A computer uses its electronic versions of numbers to perform its purpose; acting out a series of directions given by a person. Since numbers can represent anything, we can use numbers to represent the instructions that we want the computer to follow as well as raw information and even some physical actions like turning on an indicator light, sending messages to a teletype or making a sound.
The microprocessor chip contains all of the electronics needed to perform a majority if not all of the actions of a computer system. Usually though, a certain amount of the resources of a computer are too expensive or impractical to squeeze onto one integrated circuit chip. The most notable of these resources is memory. Memory is the single most expensive element of a computer system. Memory gives the computer a place to store numbers. The more memory a computer has, the more numbers it can store. Computer memory typically stores raw data and programs.

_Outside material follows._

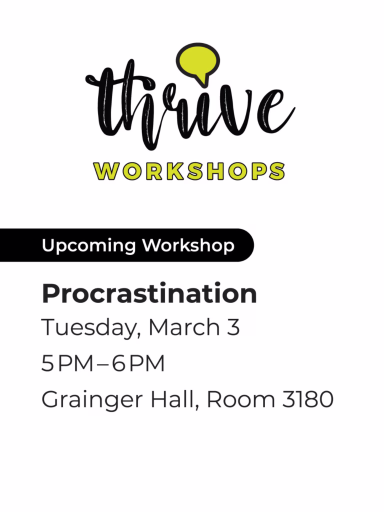 Thrive Workshop: Procrastination By Ellen Giselle Magdaleno, WSB Student Success Coach February 24, 2026 Registration Required. Can’t make it? Learn more about procrastination on Thrive Online! Tags: BBA Students Certificate in Business students Certificate in Entrepreneurship students Mental Health and Wellness Pre-Business Students

If a microprocessor is going to work with external memory it needs external signals to control the memory. These signals can be broken into three parts: an address bus, a data bus and a control bus.

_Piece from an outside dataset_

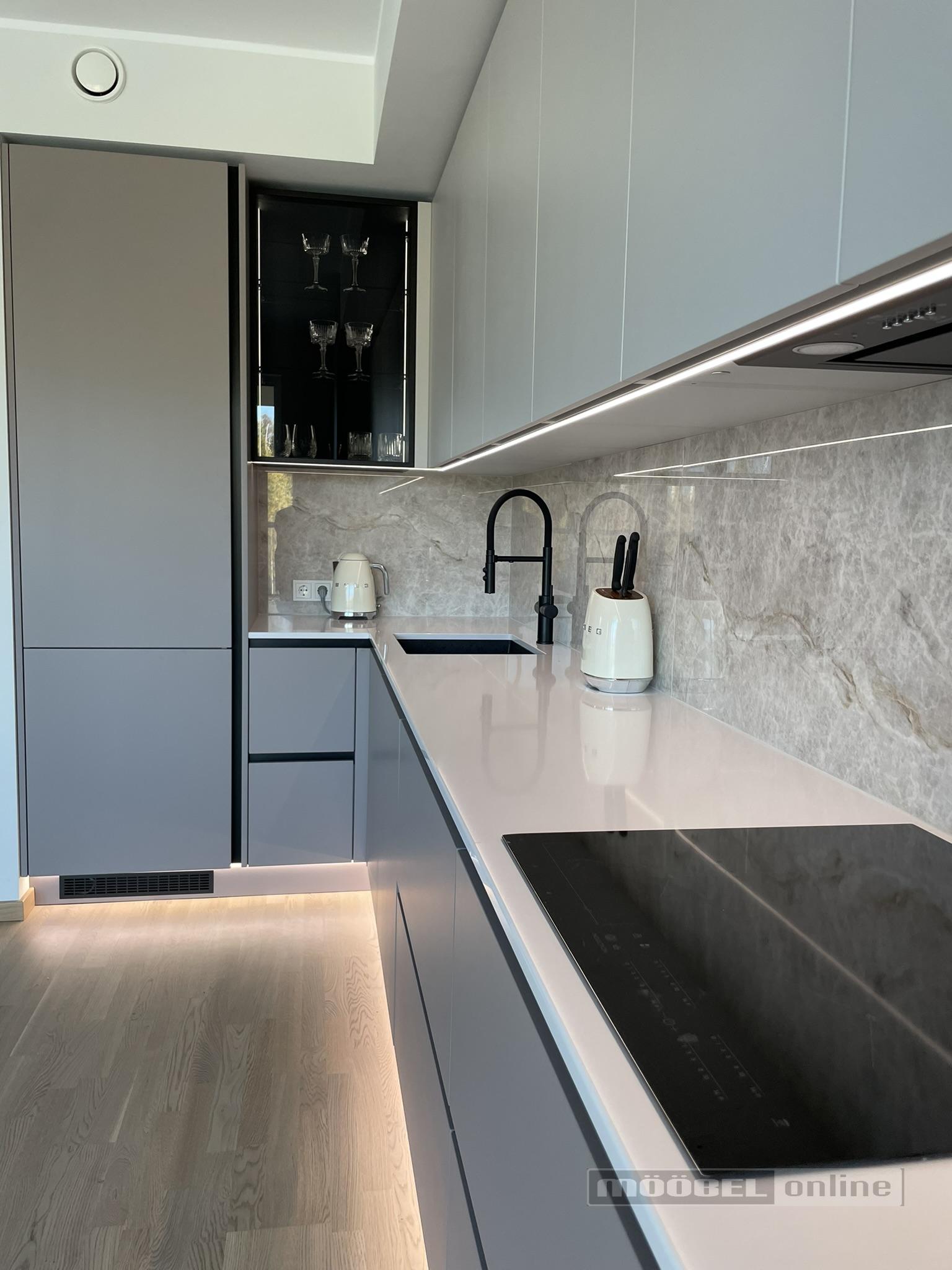 Кarkas : hall niiskuskindel LDSP 16мм Tööpind : Kivi Seinapaneel : Kivi Ül. Uksed : MDF , värv , мат + Egger lam Al. Uksed : MDF , värv , мат

The address bus is a series of digital signal lines which can send out a binary number which in turn represents a single location in the computer’s memory space. Since the address bus can only represent a finite amount of unique numbers, there can only be a finite number of memory locations in a computer system.
Once you have a place to store numbers, you need a way access them. That’s where the data bus comes in. Just like the address bus, the data bus is a series of digital signal lines which can send and receive numbers. In this case, the numbers represents raw data, physical actions or a program.
Finally, the control bus uses its digital signals to keep the address and data busses of the microprocessor synchronized with the external components.
3
2.1The Design
The computer we are about to build will have the Motorola MC68HC11 microprocessor at its core. Motorola designed the MC68HC11 so that it requires a minimum of support circuitry in order to build a working design with it. This will suit our purposes nicely since it will allow us to learn how to build a computer without sinking in excessive complexity.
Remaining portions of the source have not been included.